I refer you to this paper, which states:

Asking reviewers to consent to being identified to the author had no important effect on the quality of the review, the recommendation regarding publication, or the time taken to review

So in fact there is no evidence that open peer reviews are in any way “soft”. Hilariously, the Nature Neuroscience piece throws out this peer reviewed, scientific evidence in favour of “an informal poll of some of our referees”.  What?!  You can’t just throw away a paper’s conclusions based on a conversation you may or may not have had with a few carefully chosen referees!

There is no evidence that open peer reviews are soft, and I therefore declare this argument invalid.

“Open peer review promotes ‘quid pro quo’ favourable reviews

Yes, in fact I think open peer review probably does enable this kind of unethical, fraudulent behaviour;  my simple point is that anonymous peer review doesn’t stop it either!  They’re as bad as each other.  There is absolutely nothing to stop an anonymous reviewer emailing the authors of the study, praising their amazing research, pointing out they were reviewer 2 and inviting them to review their future papers.

Open peer review does not solve the “favourable reviewer ring” problem; but nor does anonymous peer review!

“Anonymity removes egos from the equation”

This one actually make me laugh out loud!  Sure, because as anyone who has ever been involved with anonymous peer review, egos are completely absent…..

“Open review will make it hard to find reviewers”

Yes, I think this is probably true and is backed up by the BMJ paper above.  I have one simple riposte to this.  When you look at a body of work, with the aim of reviewing it, the only thing you should be thinking about is the quality of the science (and perhaps also the impact, if the editor wants you to consider that).  If you would be scared to reveal your name to the authors, then you are already showing evidence that you’re unable to give an objective review.  You are already thinking, consciously or subconsciously, about who the authors are, what they represent to you, how they might affect you and your work.  You cannot be objective and you shouldn’t review the paper, anonymously or otherwise.  No review is better than a biased review.

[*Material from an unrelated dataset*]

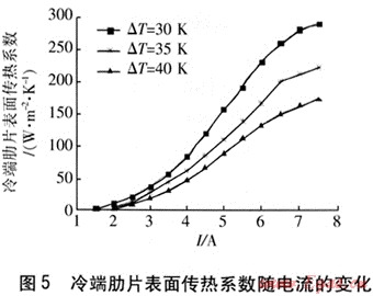 換熱介質(zhì)溫度對散熱器傳熱溫差和表面?zhèn)鳠嵯禂?shù)均有影響。對于高熱流密度的換熱,單純提高表面?zhèn)鳠嵯禂?shù)效果并不明顯,且表面?zhèn)鳠嵯禂?shù)的提高有一定限度,改變換熱介質(zhì)溫度、提高傳熱溫差可以極大增強(qiáng)換熱。因此,熱電制冷適用于電子部件等高熱流密度設(shè)備的冷卻。

“Anonymity corrects for unequal power relationships”

No, anonymity enables unequal power relationships, and open data, open information, open peer review equalizes those power relationships and ensures all interactions can be assessed independently for fair play.

One of the most telling quotes from the Nature Neuroscience piece is this one:

The journal also experienced an occasional breakdown of the peer-review process, in which authors and referees bypassed the editors completely in negotiating how a paper should be revised.

OH MY GOD!  Stop the planet!  Everyone just HOLD!  This is serious!  Imagine, authors and reviewers collaborating together to make a piece of work better, outside of the control of a journal!  THIS MUST BE STOPPED!

(seriously, you can’t make this up!)

In case you hadn’t noticed, the BMJ has practised open peer review since 1999, and they took this decision on the basis that it was simply more ethical, without cutting down on quality. Good on them.  They seem to be doing OK for themselves! If you don’t have time to read it, here are some choice quotes:

All editors have seen curt, abusive, destructive reviews and assumed that the reviewer would not have written in that way if he or she were identifiable

openness should eliminate some of the worst abuses of peer review, where reviewers—under the cloak of anonymity—steal ideas or procrastinate

Openness … links accountability with credit

Science is progressively moving away from anonymity.

we hope our small move will contribute to a broader culture change so that junior researchers cease to fear reprisals from senior ones

Inspirational stuff, I am sure you’ll agree.

What else can I add to this?  Just my own experiences.  Putting my name next to reviews has made me, without exception, give more thought to what I write, and that can only be a good thing.  I think more about the evidence for my criticism and whether those criticisms are valid.  More importantly, I empathise with the authors.  This is a good thing.  It doesn’t make me soft, it just helps me understand.  By far and away the biggest reaction I have seen is one, not of anger, but of respect.

Detractors will say that perhaps I have had a negative reaction, I just haven’t seen it; and perhaps they are right.  In fact, the only way I would see is if those reactions were open, and signed with the names of the reviewers responsible.  Which makes my point very nicely.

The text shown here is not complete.